Records contained in a dataset:
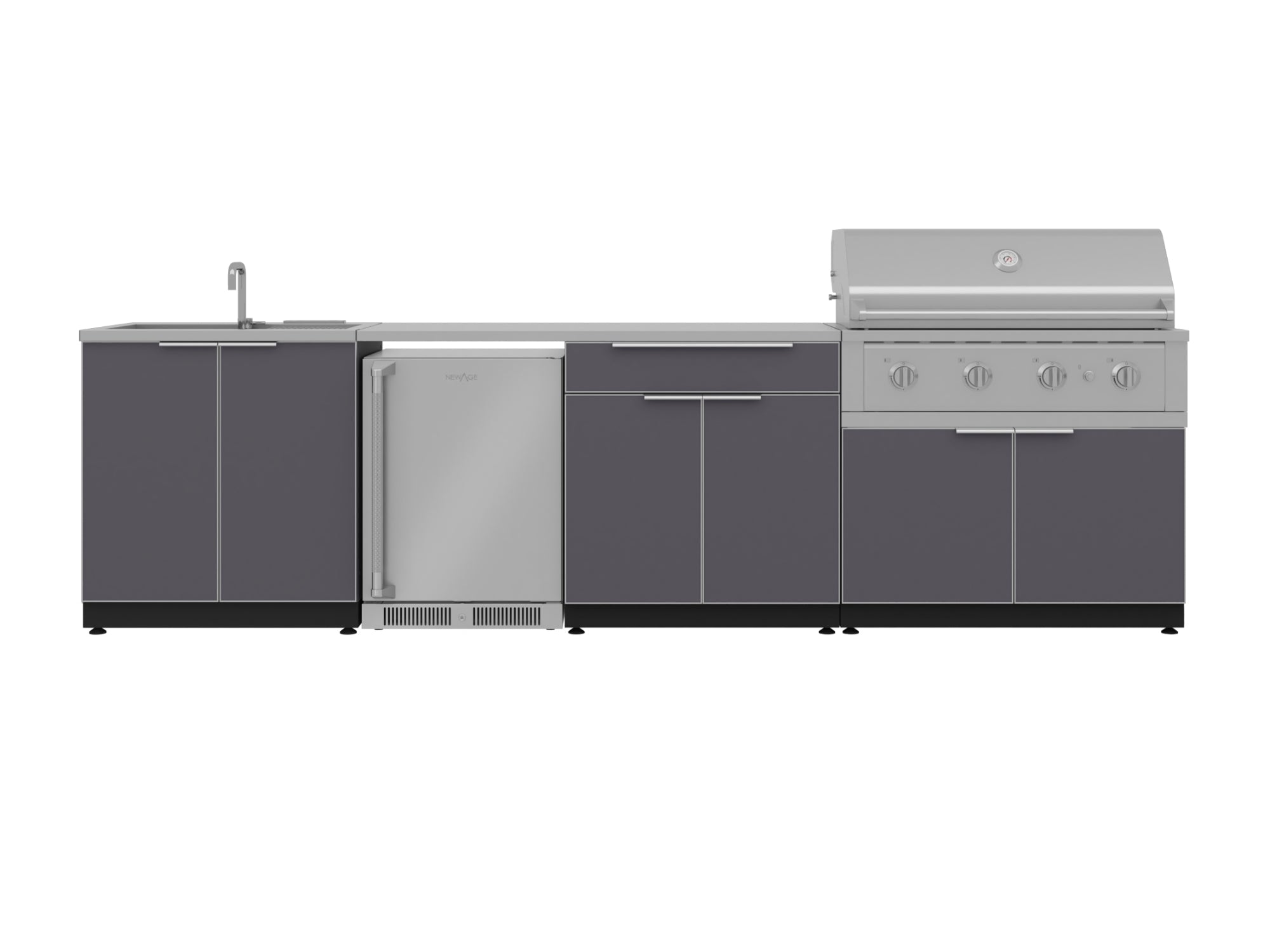 NewAge Outdoor Kitchens Aluminum 5-Piece Cabinet Set with Bar, Sink, Grill Cabinet, Platinum Grill, and Countertop
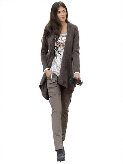 Женские брюки-карго из легкой и эластичной ткани очень мягкой на ощупь. Спереди большие накладные карманы с наклонно вставленными молниями и маленький карманчик в рамочку с клапаном и скрытой кнопкой. Сбоку накладные карго-карманы с клапаном и скрытой кнопкой. Сзади кокетка, два накладных кармана с клапаном и скрытой кнопкой, а также модные разделительные швы. Подчеркивающая фигуру форма узкого силуэта, брюки книзу плавно заужены. Пояс с петлями для ремня, несколько заниженная высота талии. Ширина брюк внизу ок. 36 см, длина по внутреннему шву разм. 38 ок. 77,5 см. приятный в носке материал из 97% хлопка, 3% эластана. Машинная стирка.
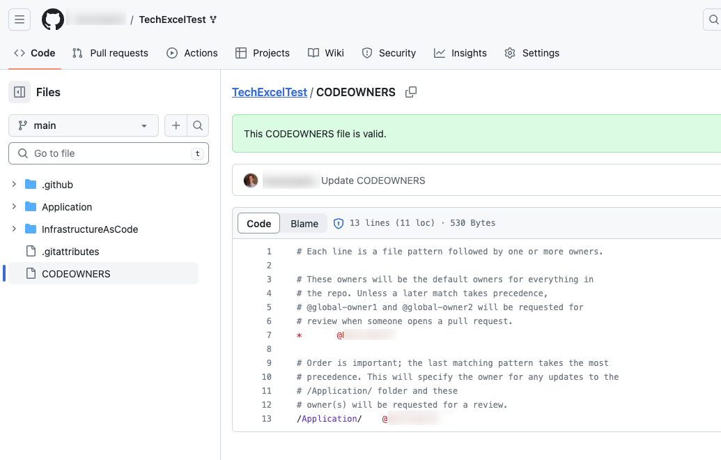 /Applicationdirectory. Your branch policy should require a review from the code owner. - Create and complete a Pull Request, merging your code change into the protected branch.
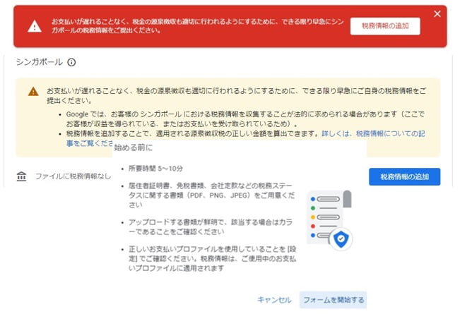 アドセンスにおけるシンガポールの税務情報の手続き
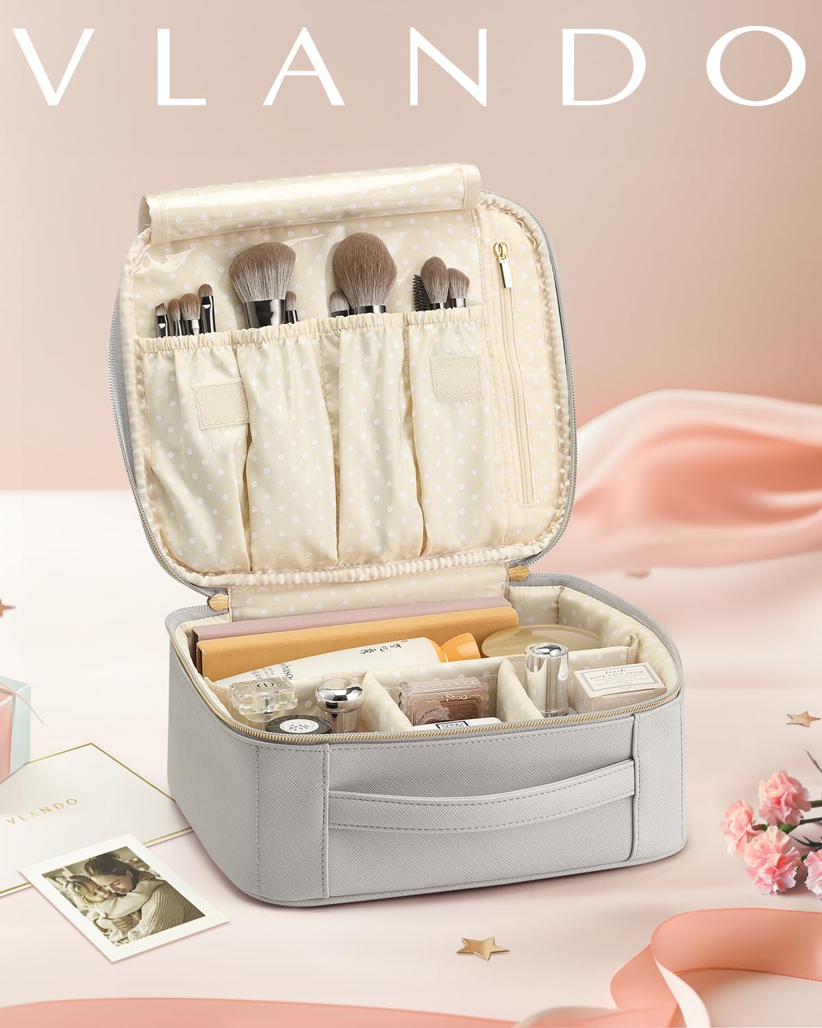 Vlando メイクポーチ メイクバッグ 大容量 化粧品収納ポーチ プロ用 コスメ収納ボックス ブラシ 入れ付き 可调节 仕切り付き 多機能 旅行用 防水 持ち運び (グレー)
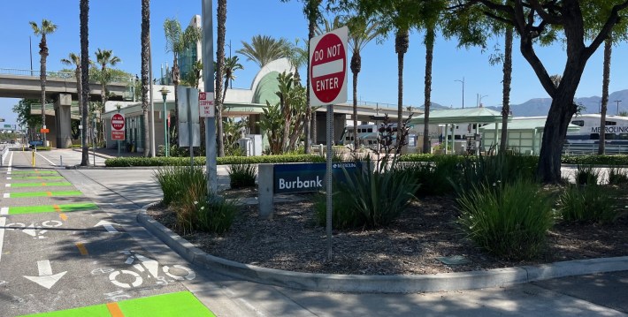The newly protected lanes make an important connection to the Downtown Burbank Metrolink Station (which also serves a bus hub), though that station is in a fairly out-of-the-way area, separated from downtown by the recently widened 5 Freeway. Front Street and the station are further isolated by train tracks and the Burbank Wash.
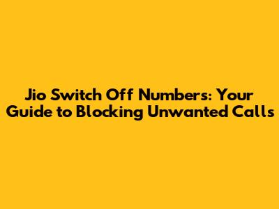 Jio Switch Off Numbers: Your Guide To Blocking Unwanted Calls
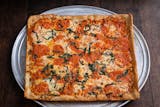 Enjoy our NY-style baked ziti pizza, topped with homemade marinara, ricotta, mozzarella, and perfectly baked ziti. Comfort food meets classic pizza!
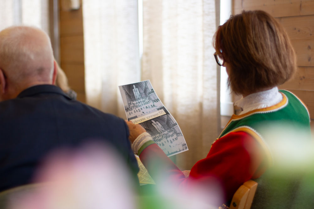 Innimellom vart det song, og fleire av dei som var til stades delte helsingar, dikt og små og morosame forteljingar frå tida si som konfirmantar. Ei kunne fortelle om ein konfirmanttime 1955 som hadde gjort særleg inntrykk, då presten forklarte symbola i kyrkja – søylene, treenigheten og stjernene – og korleis syn og høyrsel kunne vere med på å formidle.
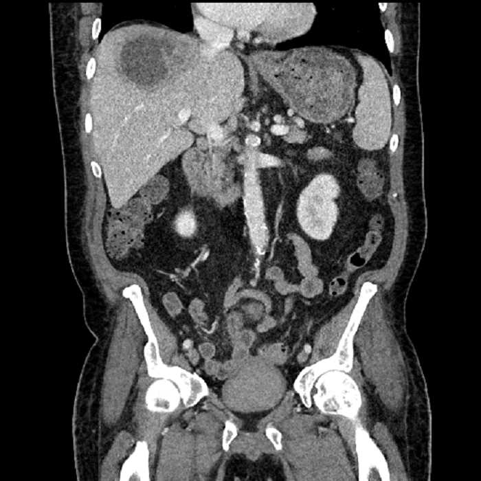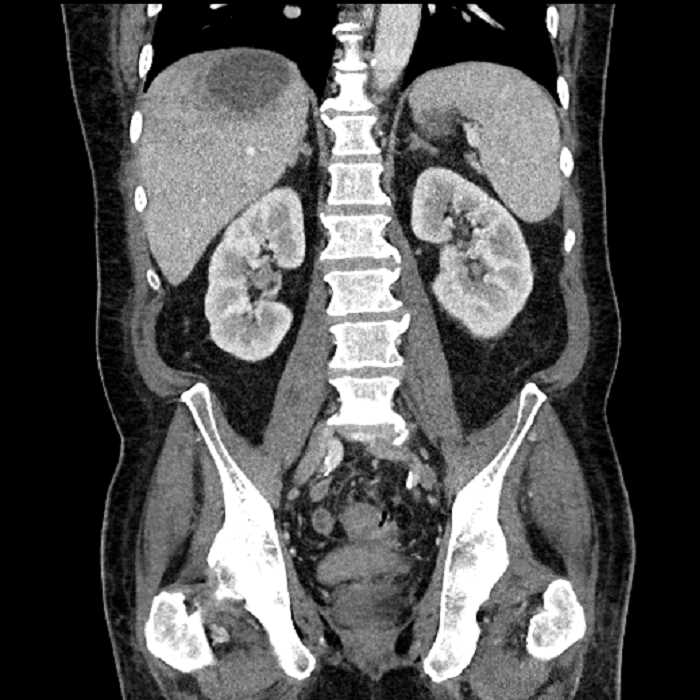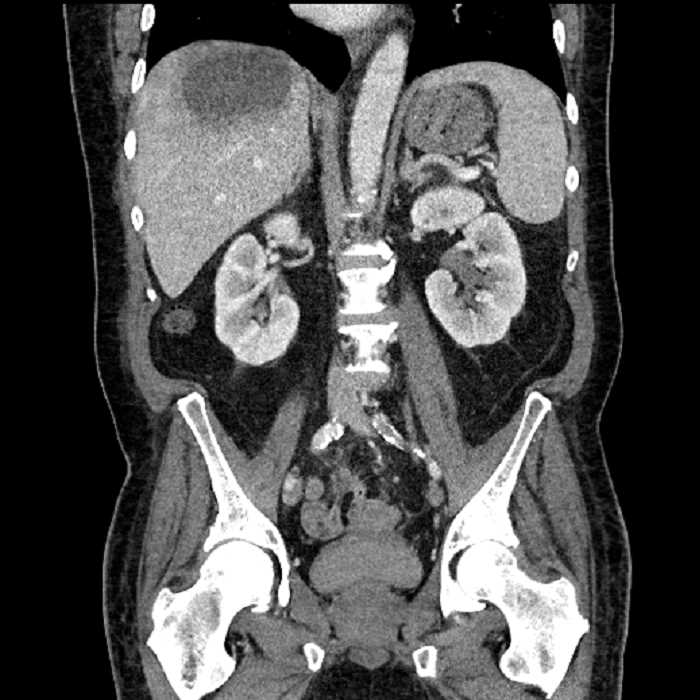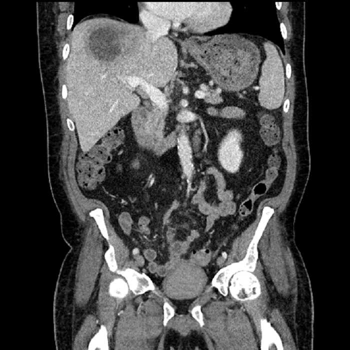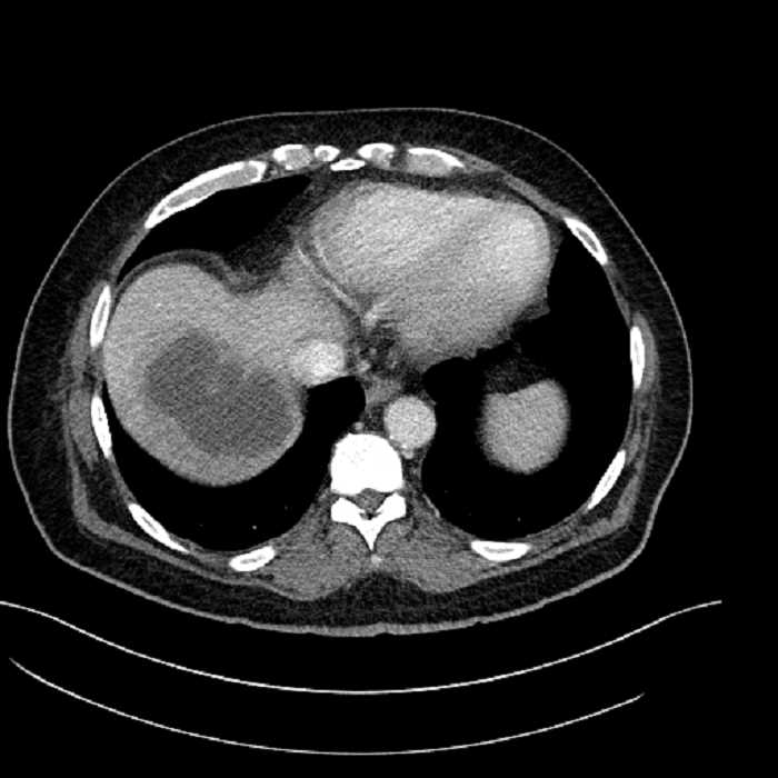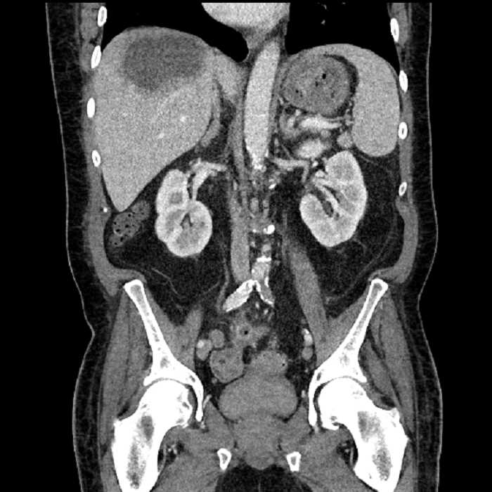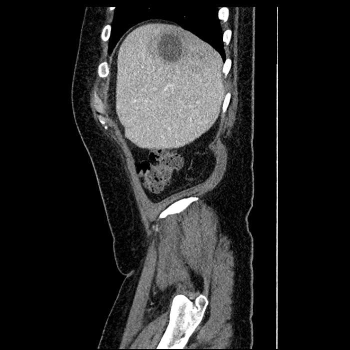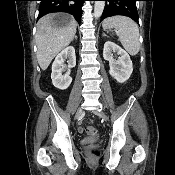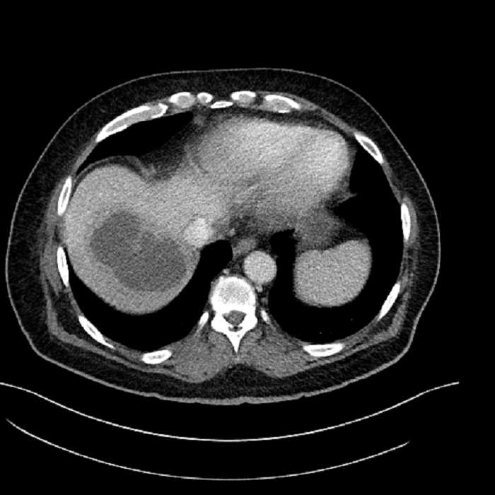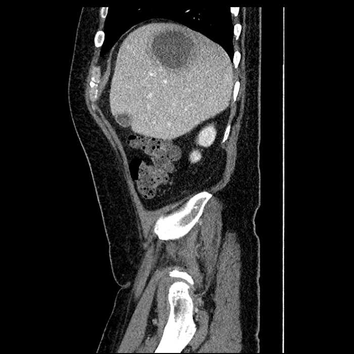 • Large fluid density structure in hepatic segments 7 and 8 measuring 10 x 7 x 7 cm with internal septation and circumferential ill-defined low density compatible with edema

REQUIREMENT: The task calls for repeating each line above exactly while excluding the pictures.

RESULT OF THIS EXERCISE:
 NewAge Outdoor Kitchens Aluminum 5-Piece Cabinet Set with Bar, Sink, Grill Cabinet, Platinum Grill, and Countertop
 Женские брюки-карго из легкой и эластичной ткани очень мягкой на ощупь. Спереди большие накладные карманы с наклонно вставленными молниями и маленький карманчик в рамочку с клапаном и скрытой кнопкой. Сбоку накладные карго-карманы с клапаном и скрытой кнопкой. Сзади кокетка, два накладных кармана с клапаном и скрытой кнопкой, а также модные разделительные швы. Подчеркивающая фигуру форма узкого силуэта, брюки книзу плавно заужены. Пояс с петлями для ремня, несколько заниженная высота талии. Ширина брюк внизу ок. 36 см, длина по внутреннему шву разм. 38 ок. 77,5 см. приятный в носке материал из 97% хлопка, 3% эластана. Машинная стирка.
 /Applicationdirectory. Your branch policy should require a review from the code owner. - Create and complete a Pull Request, merging your code change into the protected branch.
 アドセンスにおけるシンガポールの税務情報の手続き
 Vlando メイクポーチ メイクバッグ 大容量 化粧品収納ポーチ プロ用 コスメ収納ボックス ブラシ 入れ付き 可调节 仕切り付き 多機能 旅行用 防水 持ち運び (グレー)
The newly protected lanes make an important connection to the Downtown Burbank Metrolink Station (which also serves a bus hub), though that station is in a fairly out-of-the-way area, separated from downtown by the recently widened 5 Freeway. Front Street and the station are further isolated by train tracks and the Burbank Wash.
 Jio Switch Off Numbers: Your Guide To Blocking Unwanted Calls
 Enjoy our NY-style baked ziti pizza, topped with homemade marinara, ricotta, mozzarella, and perfectly baked ziti. Comfort food meets classic pizza!
 Innimellom vart det song, og fleire av dei som var til stades delte helsingar, dikt og små og morosame forteljingar frå tida si som konfirmantar. Ei kunne fortelle om ein konfirmanttime 1955 som hadde gjort særleg inntrykk, då presten forklarte symbola i kyrkja – søylene, treenigheten og stjernene – og korleis syn og høyrsel kunne vere med på å formidle.
 • Large fluid density structure in hepatic segments 7 and 8 measuring 10 x 7 x 7 cm with internal septation and circumferential ill-defined low density compatible with edema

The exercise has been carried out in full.